Back to examples
Basics
Logging
Capture print() and Python logging output as structured task events.
When to use
Use this when you need observability into your tasks. DAGY captures both `print()` and `logging.*` calls and stores them as task_log events.
basics/logging.py
"""
05_logging.py: Verify that print() and logging are fully captured.
Demonstrates:
- print() output captured via thread-local stdout intercept
- logging.debug / .info / .warning / .error captured via root log handler
- Both sources end up as task_log events in events.jsonl (and task.log)
After running locally you can inspect the captured output at:
~/.dagy/runs/<run_id>/events.jsonl ← all events for the run
~/.dagy/runs/<run_id>/task_runs/<id>/events.jsonl ← per-task events
Three-stage pipeline:
generate_dataset → validate_records → summarise_results
"""
import logging
import random
import time
from dagy import flow, task
logger = logging.getLogger(__name__)
# ─── Tasks ────────────────────────────────────────────────────────────────────
@task
def generate_dataset(n: int) -> list[dict]:
"""Step 1: produce a synthetic dataset and log its creation."""
print(f"[generate_dataset] generating {n} records")
records = [{"id": i, "value": i * 3, "valid": i % 5 != 0} for i in range(1, n + 1)]
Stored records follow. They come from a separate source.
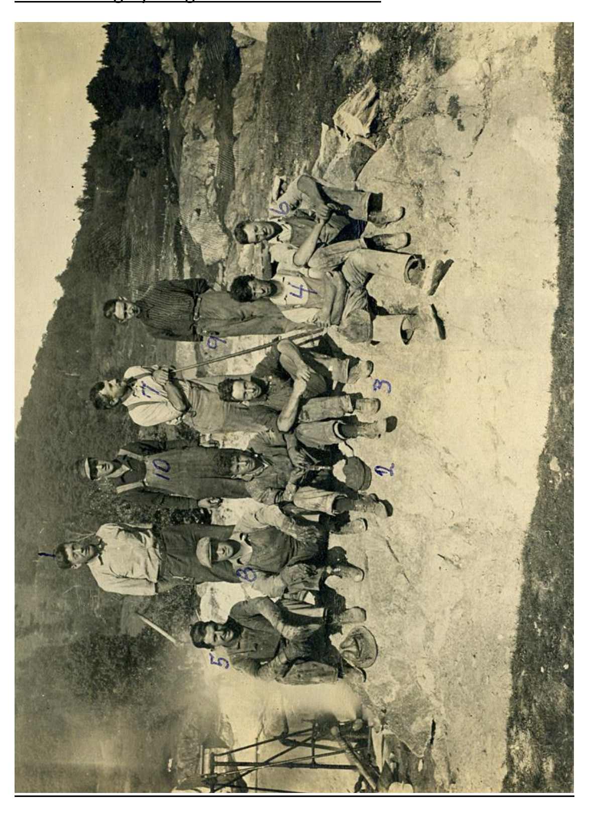
Appendix 5 – Some immigrants, like Italian marble workers, came to the U.S. with highly sought and valuable skills.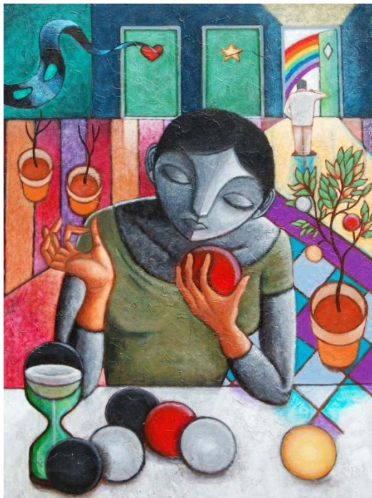
Dubitatio (Indecision) Acrylic on Canvas 36" by 48" 2012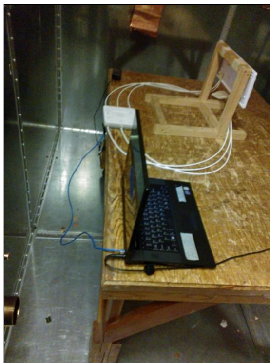
Photograph 4. Conducted Emissions, 15.207(a), Test Setup, Rear View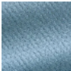
F3130004 Bord de mer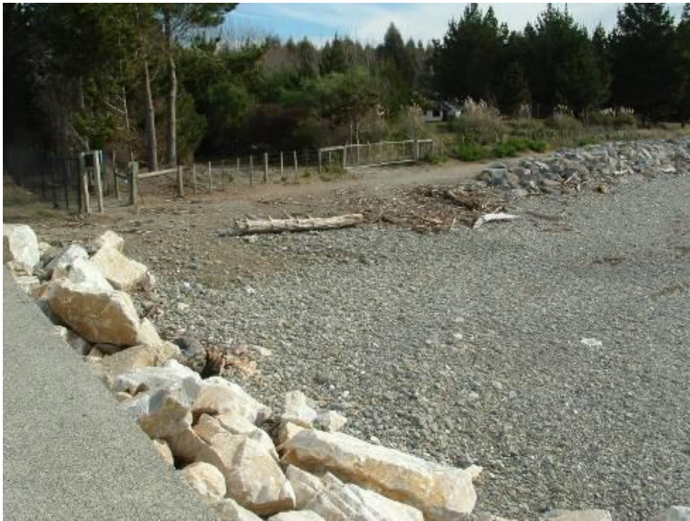
Photograph 4: Existing cobble access off walkway

At the southern end of already completed revetment access is provided by a sloping cobble beach (See Photograph 4).

time.sleep(random.uniform(0.5, 5.0))
logger.debug("raw records: %s", records)
logger.info("generated %d records (%d valid)", n, sum(r["valid"] for r in records))
print(f"[generate_dataset] done - {len(records)} records ready")
return records
@task
def validate_records(records: list[dict]) -> dict:
"""Step 2: split records into valid/invalid and warn on each rejected one."""
print(f"[validate_records] validating {len(records)} records")
time.sleep(random.uniform(0.3, 5.0))
valid, invalid = [], []
for r in records:
if r["valid"]:
valid.append(r)
else:
invalid.append(r)
logger.warning("rejected record id=%d (value=%d)", r["id"], r["value"])
logger.info("validation complete: %d accepted, %d rejected", len(valid), len(invalid))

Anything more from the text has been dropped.